(JTA) If thinking you’re sick can make you feel sick, is there a way to train your brain — and your body — to reverse that process and restore you to health?
That’s the central question that Tamar Koren, an MD-PhD candidate at the Technion–Israel Institute of Technology in Haifa focused on psychosomatic illness, is researching.
Professor Shai Shen-Orr, head of the school’s Systems Immunology & Precision Medicine Laboratory, is mapping how the immune system ages as people age — to the point of being able to calculate the age of someone’s immune system based on cellular data.
Professor Ron Kimmel, founder of the Geometric Image Processing Lab in the Technion’s Henry and Marilyn Taub Faculty of Computer Science, is using artificial intelligence and machine learning to train computers to analyze biopsy images of human tissue in order to determine not only whether a tissue is cancerous, but also what type of mutation it is and how much it has metastasized.
All three projects are examples of the kind of research being cultivated under the Technion’s new Human Health Initiative (THHI) — a recently announced effort to bring together teaching hospitals, different Technion departments and commercial companies to focus on solving specific health-related challenges.
“This initiative addresses world challenges that require multidisciplinary solutions,” said Shen-Orr, who is also the cofounder of CytoReason, a pharmaceutical artificial intelligence company. “We’re moving from research based on departments and faculties to being goal oriented. In addressing problems of human health, it doesn’t matter where people sit. They need to work together.”

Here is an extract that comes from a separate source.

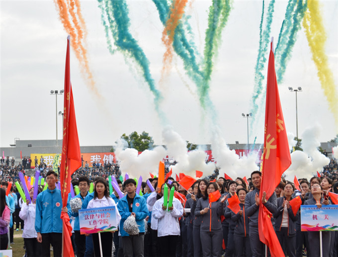 领导致辞开幕。在奏唱国歌和校歌的歌声之后,成洪波书记宣布校运会正式开始。

The THHI is focused on six areas: staff and student engagement, new undergraduate and graduate educational programs, recruitment of top-notch researchers, funding, shared office and lab space for “essential meeting of minds,” and acquisition of cutting-edge lab equipment and other research infrastructure.
The new initiative dovetails with other Technion projects with outside partners, such as the university’s Bridge to Next-Generation Medicine program with Cincinnati Children’s Medical Center. That project aims to revolutionize pediatric medicine by combining the Technion’s technological prowess, including world-renowned expertise in computational science and artificial intelligence, with doctors and scientists focused on understanding and treating childhood diseases.
“The Technion believes that the time is ripe for taking the next quantum leap: addressing human health in a comprehensive, institute-wide manner,” Technion President Uri Sivan said. “The THHI represents a major intellectual and cultural undertaking in this direction. No other university in the country, and only a handful around the world, are positioned so well to take this leap.”
The idea behind the THHI is to pull people out of their comfort zones and create collaborations across units and disciplines.
“Rather than telling our investigators what they should be doing, the best way is bringing them together, and the magic is guaranteed to happen,” said Noam Ziv, who is spearheading the THHI project.
Ziv said the Technion’s prime advantage is that it’s one of the world’s few technical universities that also has a medical school.
“I don’t think you have to convince anybody that human health is a huge challenge,” Ziv said. “Our population is expanding, average age is increasing and the number of challenges associated with human health seems to be growing all the time. The coronavirus is a prime example of how things that affect one part of the world quickly affect other parts.”
During the height of the pandemic, for instance, Technion data scientists raced to improve the efficiency of PCR tests using algorithms. Biologists worked to create rapid testing kits that wouldn’t need sophisticated machines to yield quick results. Still others aimed to devise a sticker, which when placed on a mask, neutralizes viruses on contact.
The THHI extends to researching mind/body interactions.
To prove their hypothesis about psychosomatic illness, Koren and her team induced colitis in lab mice and waited for them to recover. Researchers then artificially stimulated the neurons in the brain that had become active during the bout of colitis. Inflammation re-emerged in the exact same location even though there was no infection. Likewise, suppressing memory neurons reduced the inflammation in mice who were sick with colitis.
“If, for example, you receive a text message from your friend that he has COVID and you just saw him last night, you immediately start to envision that you’re also sick. And you start to manifest physical presentations of a very similar disease: your throat itches, you start coughing, you feel weaker,” Koren said. “Studies have shown that stress or emotional triggers can initiate disease, or sometimes exacerbate a disease that’s already been diagnosed.”
Koren’s research represents a joint effort among neurosurgeons, neurologists and immunologists — the kind of collaboration THHI seeks to cultivate and which is different from traditional approaches to research.
“These kinds of collaborations have already started to develop,” Koren said. “The fact that it’s both basic science and clinical research is a novelty.”
Eventually, Koren said, her team’s work could lead to a variety of new therapies for diseases that currently have no cure, in the form of magnetic stimulation or other non-invasive therapies for patients with rheumatic arthritis, lupus, multiple sclerosis and other disorders.
“What we’re suggesting is not drugs, which also have adverse effects,” she said, “but regulation of brain activity that can alleviate their symptoms and improve their quality of life.”
This story was sponsored by and produced in collaboration with the American Technion Society, which invests in the Technion’s growth and innovation to advance critical research and technologies that serve the State of Israel and the global good. This article was produced by JTA’s native content team.